Robots should be introduced to primary-school lessons in order to show a more “humanistic” side of coding and to help attract more girls to the digital sector, a government-backed technology leader has said.
Gerard Grech, CEO of Tech City, a showcase network of UK-based technology companies, said an early introduction to robotic human models and vehicles would assist children as young as five in appreciating the value of learning how to write code, which is already part of the new computing curriculum for five- to 16-year-olds.
“We could go further and introduce robotics to make technology even more accessible regardless of gender – that’s where you make technology come alive,” Grech said. “The more physical something can be, the more it can be inspirational.”
Robotics has already been introduced into schools as part of an experiment in Estonia, which was one of the first countries to teach coding to young children and is the home of Skype.
Grech was talking from the South by Southwest (SXSW) conference in Austin, Texas, where the issue of sexism in the technology sector, and especially in gaming, was a big topic last week. Women games developers spoke of receiving death threats for taking up prominent positions in the industry.
Grech said the UK tech sector needed to do more to encourage women, and called for an overhaul of recruitment procedures to eradicate gender discrimination on interview panels. “We could introduce more attitude-testing as part of the interview process, and more initiatives to ensure there is no subconscious bias,” he said.
Grech also called for “more role models” to inspire girls to follow careers in technology. He highlighted the importance of British-based women such as Sarah Wood, co-founder of video advertising tech company Unruly, tech investor Sherry Coutu, Kathryn Parsons of tech campaign group DeCoded, American-born venture capitalist Eileen Burbidge and tech entrepreneur Wendy Tan White, founder of the software company Moonfruit.
“There’s still a lot of work to be done,” he said. “When you are a sector that relies highly on innovation, then diversity is key.”
Earlier this month, Baroness Lane-Fox, co-founder of Lastminute.com, spoke out in Parliament on the lack of senior women in the UK’s technology industry. “Fewer than one in 10 women are in leadership positions within the tech sector and, perhaps most shockingly, women only make up 4 per cent of software engineers,” she said.
Tech City travelled to SXSW with 20 British companies to promote the UK sector at an exhibition called Great Britain House. Among the companies present was Pavegen, which has developed paving stones that enables people’s footsteps to be converted into electricity. Grech said this was an application that could be demonstrated in primary schools to show the human value of coding.
At SXSW last week, American video game developer Brianna Wu showed an audience an image of a skeleton mask which was used as an icon by an internet troll who threatened to put a drill to her head.

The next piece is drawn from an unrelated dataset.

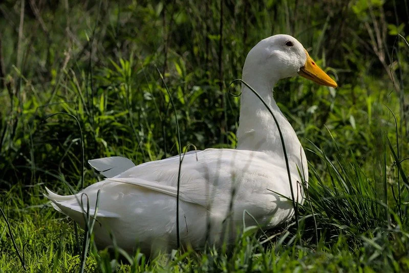 Rocky and Pebbles were rescued by a kind woman in Virginia after they had been abandoned in a stormwater drainage area. During a heavy rainstorm, the woman saw that a large white duck was struggling to stay on top of a rock while water quickly rushed all around him. Luckily, she was able to grab him, but when she went back the next day, she saw that another smaller duck had also been left behind. After getting them both to safety, she contacted the Refuge about providing a forever home.
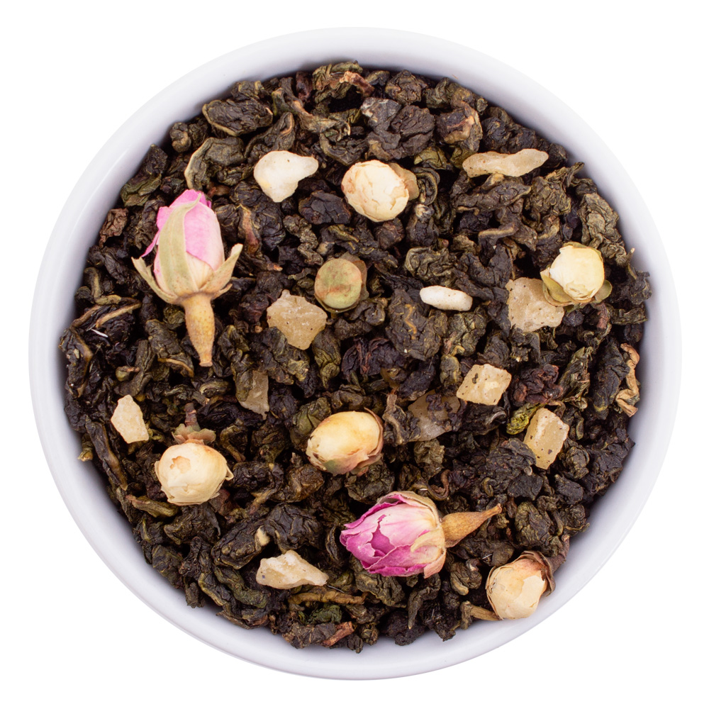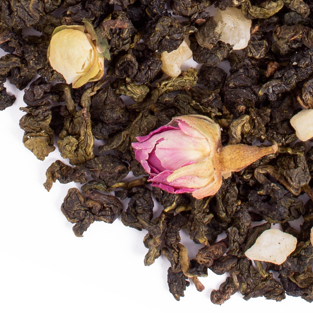 Состав: слабоферментированный чай улун, кусочки ананаса, бутоны камелии, бутоны роз розовые

“The abuse that I’ve undergone has been extreme,” said Ms Wu who has received more than 200 death threats and, like the feminist critic Anita Sarkeesian, has been targeted by the underground “#Gamergate” movement, which claims to be protecting male video-game enthusiasts against what it claims as unfair smears that the sector is prone to misogyny.
The SXSW sessions nearly did not take place as two planned conference events – including a panel called Level Up: Overcoming Harassment in Games – were cancelled in October over fears of violence. The session to which Ms Wu contributed – called Is a Safer, Saner and Civil Internet possible? – took place in a hotel with strict security and a police presence. She complained that the YouTube and Reddit platforms were culpable for their failure to moderate sexist comments.
Several studies, including work carried out by Pew Research Centre in December, have shown that women are equally as active in video-game playing as men.
Jenny Richards, of UK organisation Women in Games, said that Gamergate had not crossed the Atlantic and that the key challenge was to get British girls to consider a career in the sector. “I think there’s a big necessity to show younger females the possibilities of the games industry,” she said. Once there, she argued, they would find it “incredibly welcoming of females, for the most part”.